My guess is they've got wise to us. "Voluntary contributions" = contributions from government, but filtered through, for instance, another fakecharity. Guido or the Devil can't say a thing. Or can they?
"Our draconian licensiing laws forbid any retailer to display anything other than mixer drinks along with the demon booze within licensed areas of shops."
Oh, good grief!
"It's the usual putritan/authoritarian thing.
"I don't like it much so you should not be allowed to enjoy it either"."
Spot on!
"The Left is trying to convince everyone that the nations's drink problem is about middle-class adults sipping a glass of merlot with lamb in mint sauce. "
Because that's the audience most likely to be stupid enough to listen to them!
"These people should be encouraging most of us to drink rather than focusing on those who are two standard deviations from the mean. "
Advice more of us would take!
"In any event, weren't the M&S food + drink deals available on weekends only?"
Indeed they were.
"As a description of income "voluntary" in the context of charities means (I believe and I stand to be corrected) that such income is handed over voluntarily ie there is no contract or covenant with the donating person or organisation."

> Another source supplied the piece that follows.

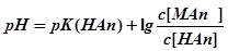 Уравнение для вычисления рН БР, состоящих из слабой кислоты НАn и ее соли МАn, можно вывести следующим образом.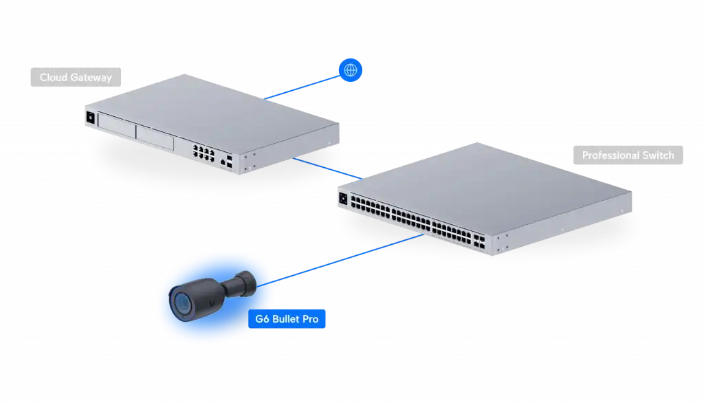 Sistem odanızdaki NVR ve Switch ile tek bir ağ kablosu (PoE+) üzerinden güç alarak saat gibi çalışır.

Really? Then those graphs are quite misleading, aren't they?
I (and I suspect, most others would do this) took it to mean donations from the public or organisations...
" Guido or the Devil can't say a thing. Or can they?"
Oh, I think they can. The Devil wants to expand the fakecharity site, but doesn't have the time, and was looking for volunteers just last week.
I view the 'limits' are as a target which is to be exceeded with monotonous regularity.